**AIM OF THE EXERCISE**: Return all entries word for word, but drop any images.

**INFORMATION PROVIDED**:
______________________________
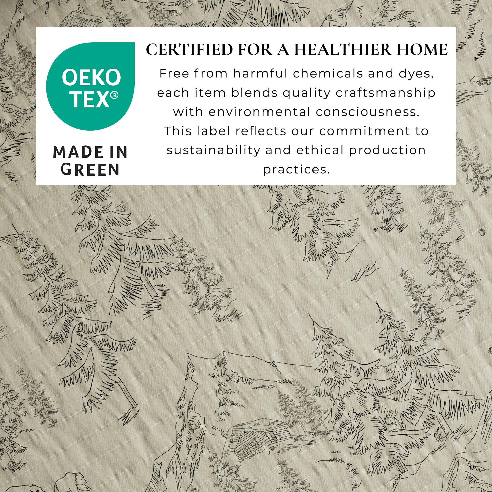 A lodge-inspired print that will decorate your bed perfectly for the winter season at your cabin. This quilt set features a sage green set with simple bear and mountain outlines, reminding us of gorgeous nature scenes. With a matching reverse on this quilt set featuring bear prints, you can easily change up the design or have a beautiful lodge accent peak through your bed styling. This bedding set is ultra-soft, durable, and perfect for layering with your other winter bedding for the ultimate bed style.
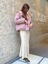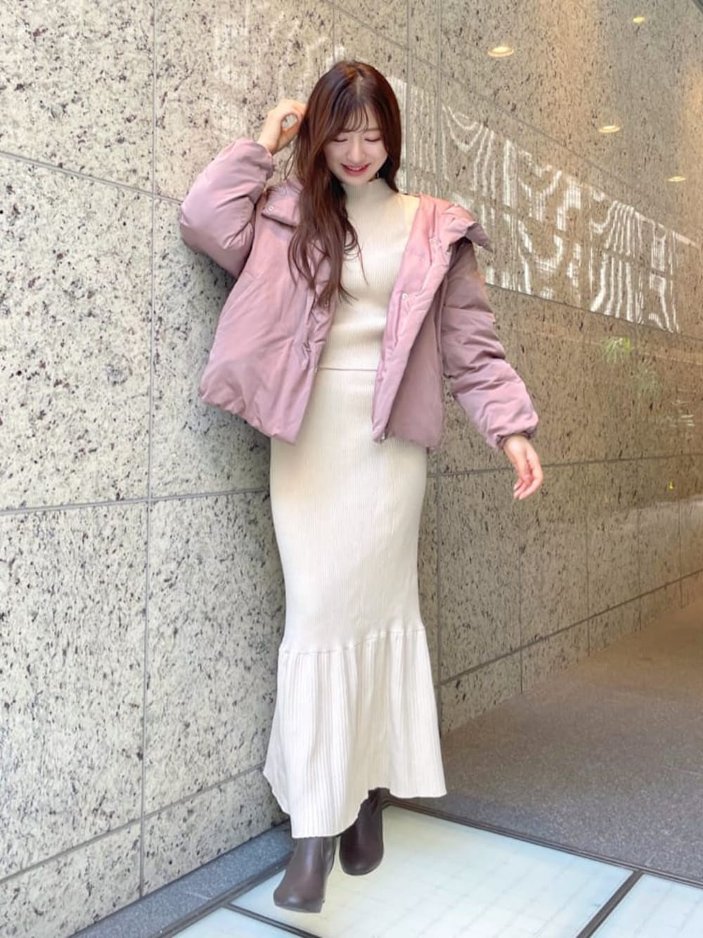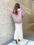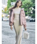 毎年大人気福袋♡ 着回し抜群なセットアップは別でレーススカートやワイドパンツを合わせたり、ボトム選ばず万能に使えます。マーメイドスカートも着回し万能アイテム。パワショルの肩の切替が内側にあり肩幅を狭く華奢に見せてくれるので、個人的にハイネックが苦手な私でもキレイに着れました♡ 生地は柔らかく伸縮性があるので着心地も抜群。アウターはころんもしたシルエットが可愛くて女性らしい印象にしてくれます♡
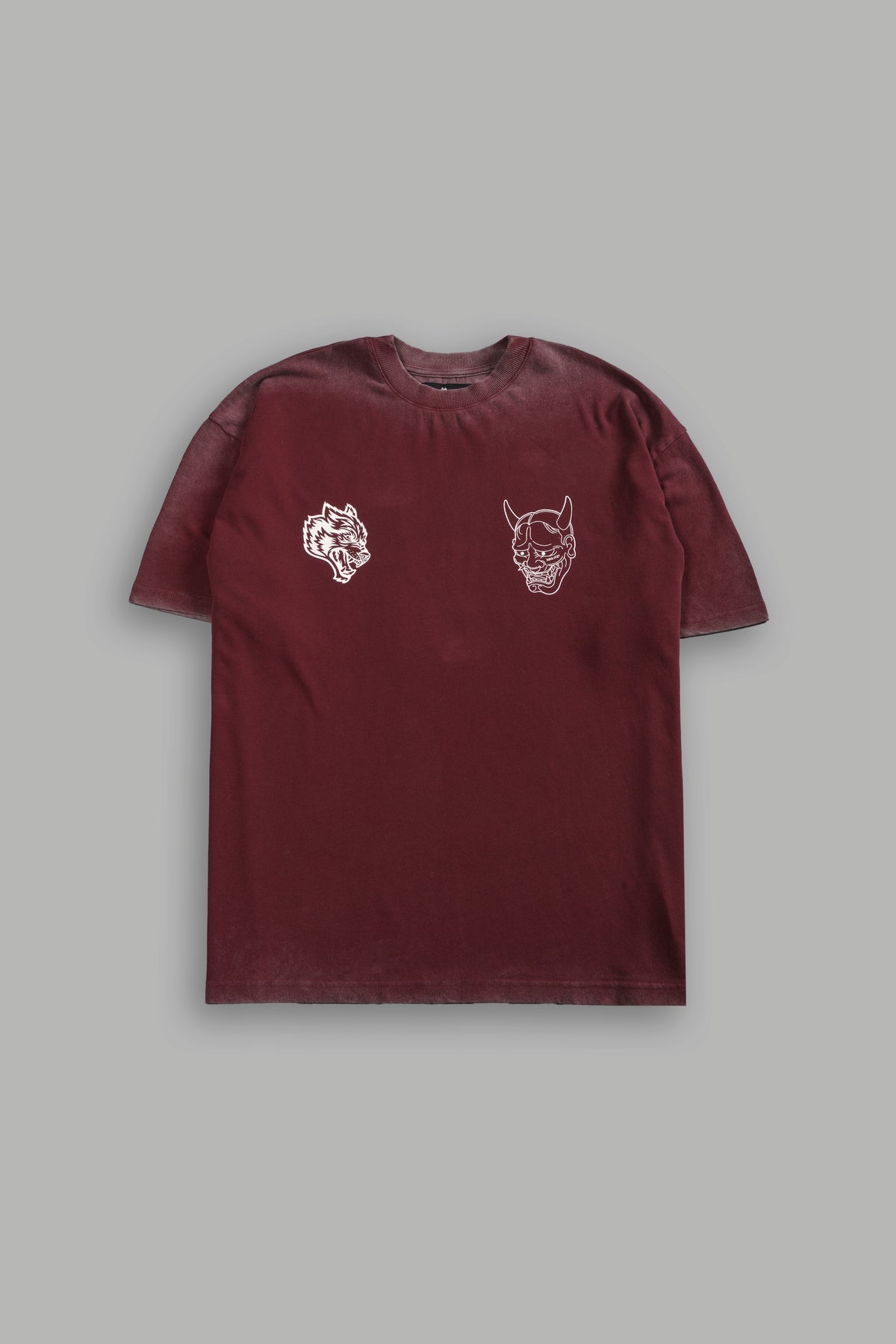 Oni Wolves "Premium" Oversized Tee in Oxblood
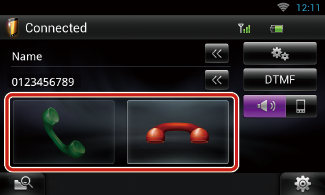 Sie haben Zugriff auf die Spracherkennungsfunktion des mit diesem Gerät verbundenen Smartphones/Handys. Dadurch können Sie durch Aussprechen eines Namens eine Telefonnummer im Smartphone/Handy-Telefonbuch suchen lassen. (Die Funktionalität ist vom jeweiligen Handy abhängig.) 1 Berühren Sie [ 2 Sprechen Sie den Namen. |
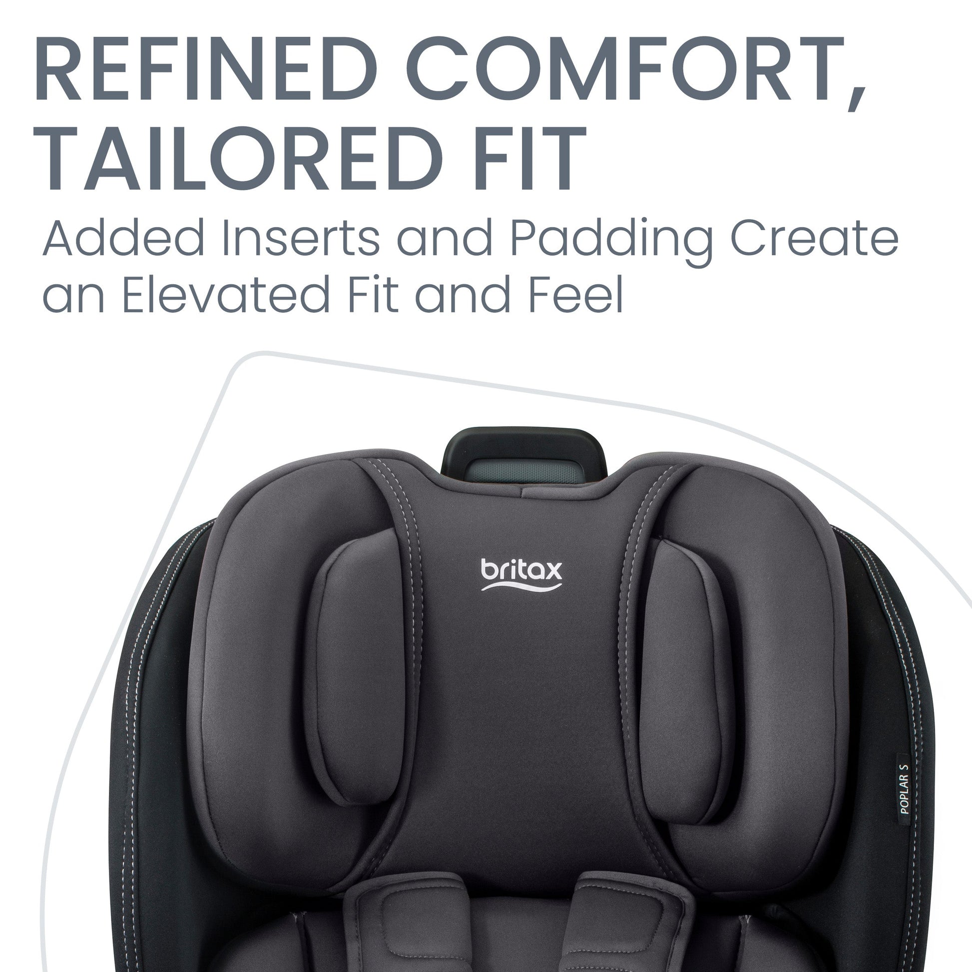 - The Poplar™ S fits up to 40 lbs./18.1 kg when installed rear-facing while easily switching to forward-facing as your child grows
______________________________
**EXERCISE RESULT**:
 A lodge-inspired print that will decorate your bed perfectly for the winter season at your cabin. This quilt set features a sage green set with simple bear and mountain outlines, reminding us of gorgeous nature scenes. With a matching reverse on this quilt set featuring bear prints, you can easily change up the design or have a beautiful lodge accent peak through your bed styling. This bedding set is ultra-soft, durable, and perfect for layering with your other winter bedding for the ultimate bed style.
 毎年大人気福袋♡ 着回し抜群なセットアップは別でレーススカートやワイドパンツを合わせたり、ボトム選ばず万能に使えます。マーメイドスカートも着回し万能アイテム。パワショルの肩の切替が内側にあり肩幅を狭く華奢に見せてくれるので、個人的にハイネックが苦手な私でもキレイに着れました♡ 生地は柔らかく伸縮性があるので着心地も抜群。アウターはころんもしたシルエットが可愛くて女性らしい印象にしてくれます♡
 Oni Wolves "Premium" Oversized Tee in Oxblood
 Sie haben Zugriff auf die Spracherkennungsfunktion des mit diesem Gerät verbundenen Smartphones/Handys. Dadurch können Sie durch Aussprechen eines Namens eine Telefonnummer im Smartphone/Handy-Telefonbuch suchen lassen. (Die Funktionalität ist vom jeweiligen Handy abhängig.) 1 Berühren Sie [ 2 Sprechen Sie den Namen. |
 - The Poplar™ S fits up to 40 lbs./18.1 kg when installed rear-facing while easily switching to forward-facing as your child grows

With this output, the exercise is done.